Рахманинов устал. Непрерывное напряжение сил давало себя знать. Даже лето на этот раз не принесло ему заслуженного отдыха.
Еще в апреле прошлого года он почти неожиданно для себя сделался единоличным хозяином Ивановки. Здоровье его тестя пошатнулось, и он решил отойти от дел.
Сперва новая сфера, открывшаяся для приложения сил, обрадовала музыканта. Он любил землю, пахоту, косьбу, охотно сам брал в руки косу, отлично ездил верхом. Он любил крестьян, и ему казалось, что он хорошо их знает. Если в последнем он заблуждался, то в те дни это заблуждение было всеобщим.
Но уже в первые дни новый тамбовский помещик понял, что сельское хозяйство, если им заниматься всерьез, берет всего человека без остатка. Надежда на то, что он, как и прежде, сможет сочинять в часы досуга, оказалась утопией.
Только в августе он смог записать фортепьянные пьесы, сочиненные в разное время. Он искал новой формы для воплощения волновавших его образов и нашел ее. Так были созданы первые этюды-картины.
Это и на самом деле были картины, но их содержание он навсегда сохранил в тайне.
Их было на этот раз всего восемь, но две из них, сдавая в печать, он почему-то исключил, хотя они ни в чем не уступают другим.
Ре-минорный этюд особенно полюбился дома. Вся пьеса от первой до последней ноты взволнованная, искренняя, полна непередаваемой прелести.
Благожелательная критика приняла новые пьесы очень осторожно именно в силу их новизны.
Почти весь октябрь Рахманинов концертировал в Англии. Повсюду он играл свой Третий концерт с голландским дирижером Виллемом Монгельбергом. Печать на этот раз слилась в едином хвалебном хоре. «…Невозможно отделить эту музыку от магических чар композитора-исполнителя. Он один из немногих пианистов, а может быть, и единственный после Листа. Кульминации концерта исполнены такой же титанической силы, как и породившие их идеи…» — так писал «Таймс».

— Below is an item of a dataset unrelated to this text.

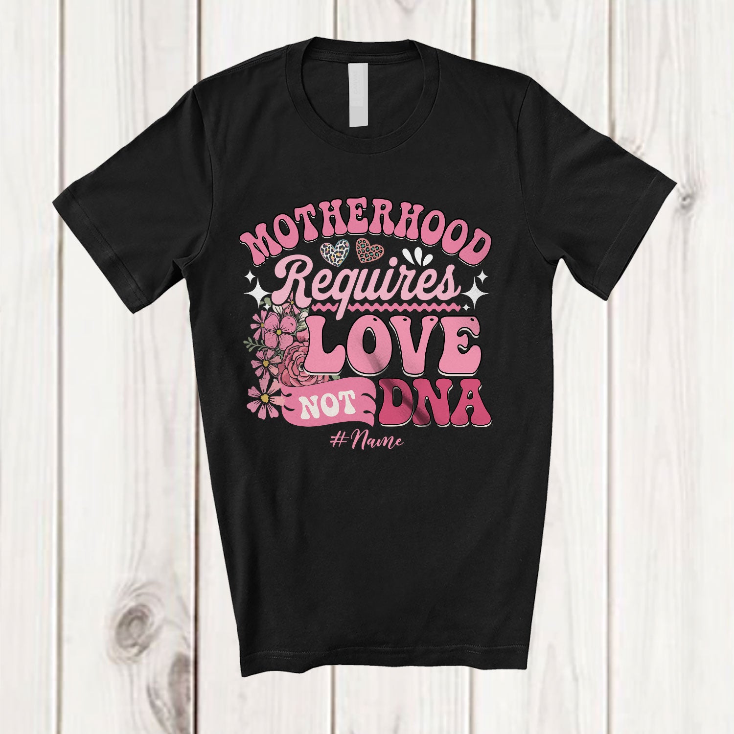 This Personalized Custom Name Motherhood Requires Love Not A DNA; Amazing Mother's Day Flowers T-Shirt is great idea gift for your family, friends in this birthday, christmas, mother's day, father's day, patrick's day or any holiday.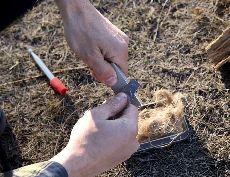 - enthält Zündstahl, Schaber, Magnesiumblock, Blasrohr und Jute

Все это было, разумеется, весьма лестно. Таких рецензий не бывало, пожалуй, и в русских газетах. Но каждому художнику хочется быть пророком прежде всего в своем отечестве.
На репетиции «Пиковой дамы» после второго акта, когда он вышел покурить, седой, в баках капельдинер подал ему письмо из Москвы, конечно анонимное (сколько он получал таких изо дня в день!) и подписанное ноткой «Ре».
Наверно, как всегда, он забыл бы о нем, но письмо было необычное. Ни слащавого сюсюканья, ни той ложной патетики, которую он всю свою жизнь ненавидел и которой, словно в насмешку, корили его музыку модернистские критиканы.
В искренности строк, написанных неизвестной ему девушкой не только от себя, но и от многих таких же, как она, невозможно было усомниться. И он поверил. И не только поверил, но и ответил на другой же день, что с ним совсем уже редко случалось.
Так началась дружба с Ре. Из уст Ре после смерти Рахманинова мы узнали о нем многое, что без ее помощи навсегда осталось бы скрытым.
Письма Ре рассказывали о многом, чем жили и дышали русские люди в те далекие годы. Но между строчками вилась одна упорная и настойчивая мысль. От него хотели, чтобы он почувствовал, понял до конца «историческую нужность его музыки, прогрессивность ее в тысячу раз большую, чем все формальные выдумки модернистов», его убеждали в том, что «единственный верный критерий музыки — это характер ее воздействия на слушателя. Если она очищает, организует, поднимает его душу, возбуждает благородные и мужественные начала' в нем, помогает ему бороться с хаосом, со стихийностью, с низменными началами характера, направляет его на большие исторические свершения… — это настоящая музыка, идущая в авангарде своей эпохи».
Если в него, в его музыку так безгранично верят, то как же смеет он не верить в себя сам!